Thursday, 10 January 2008

Liberty capped

I’ve had a fair bit of experience of recreational drug taking over the years, legal and illegal, and by far and away the most benign substance I’ve come across in terms of its physical after-effects is psilocybin.

For those of you who aren’t familiar with it, psilocybin is the active ingredient in the most popular forms of ‘magic mushrooms’. These include Psilocybe semilanceata, the ‘liberty cap’, whose distinctive nipple-topped conical heads can be found poking through the grass in well-watered meadows throughout the northern hemisphere.

For years there was an old-fashioned sort of blind tolerance towards psilocybin in Britain. It was illegal in its ‘processed’ form, but this was held not to include the fresh mushrooms, and as long as those who consumed them didn’t make too much of a public spectacle of the fact the authorities tended to turn a blind eye towards the practice.

That was all bound to change as soon as every trader with an eye for a quick profit started to exploit the loophole in the law in what turned into a hallucinogenic free-for-all at places like London’s Camden Market. A few well-publicised cases of teenagers going temporarily whacko after being sold too strong a dose of ’shrooms was all it took to provoke the inevitable moral panic and the speedy classification of psilocybes as Class A controlled substances.

Now Amsterdam, home to the ’shroom-selling ‘smart shop’, is going the same way, and those of us who enjoy the occasional entheogen experience are going to have to go back to finding or growing our own. Most people can’t be bothered with all that palaver, and since prohibition never did put a stop to the human desire for super-sensory experiences, they’ll turn to the most readily available substitutes – which will mean a quick boost in sales of manufactured chemicals from ecstasy to ketamine instead.

Holland’s conservative government has recently led a clampdown on marijuana suppliers and prostitutes, to the great delight of organised crime, which always prefers these things underground.
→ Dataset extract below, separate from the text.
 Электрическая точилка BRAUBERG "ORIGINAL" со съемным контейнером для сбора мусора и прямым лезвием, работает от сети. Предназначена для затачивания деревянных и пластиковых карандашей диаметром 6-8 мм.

So it was no surprise when it seized on the death of the 17-year-old French girl, Gaelle Caroff, who jumped from a building after taking mushrooms on a school visit, to order a review of the law on psilocybes.

A study published in January 2007 revealed that the emergency services in Amsterdam were called on to deal with 148 adverse reactions to psilocybes in 2004-2006. All but 14 involved foreigners, most of them Britons, who seem to possess a cultural incapacity to consume any kind of mood-altering substances in moderation.
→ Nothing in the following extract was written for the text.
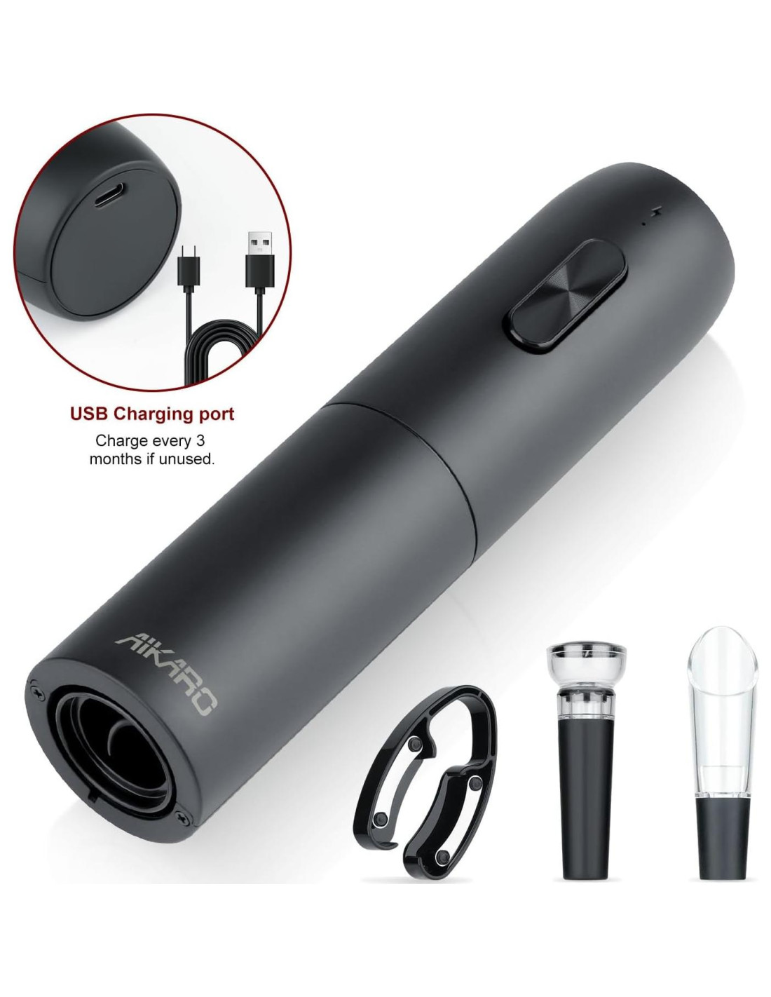 - [Práctico]: El cortador de papel de aluminio y el vertedor de vino en el conjunto de abridor de botellas de vino automático son seguros y convenientes de usar. El tapón de vino mantiene el vino fresco hasta por 7 días. Todos estos artículos se pueden almacenar en la base.

Of course a couple of call-outs a week amounts to a tiny problem in comparison with the consequences of alcohol consumption. And no one would dream of banning alcohol because someone killed themselves as a result of drinking too much. The sensible response to such a tragedy would be proper regulation and education.
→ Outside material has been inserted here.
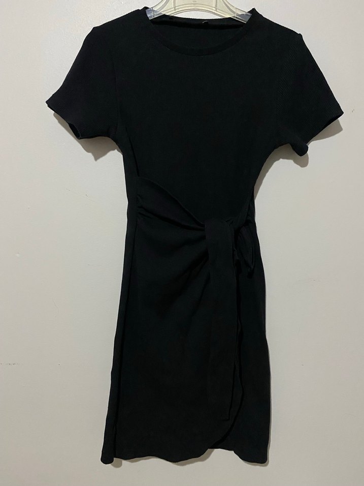 Kısa kollu, bisiklet yaka ve beli drapeli siyah elbise. Sentetik kumaştan yapılmış, minimalist goth tarzına uygun günlük kullanıma elverişlidir.

But the psilocybes, whose effects can range from the mildly giggly to the profoundly spiritual, are caught up in the international ‘war on drugs’. So despite the fact that they are neither addictive nor toxic, they will soon be declared illegal in once-liberal Holland in the same way that they were in Denmark in 2001, Japan in 2002, Britain in 2005 and Ireland in 2006. And we will have had another little liberty capped on top of the many others that have already been denied to us.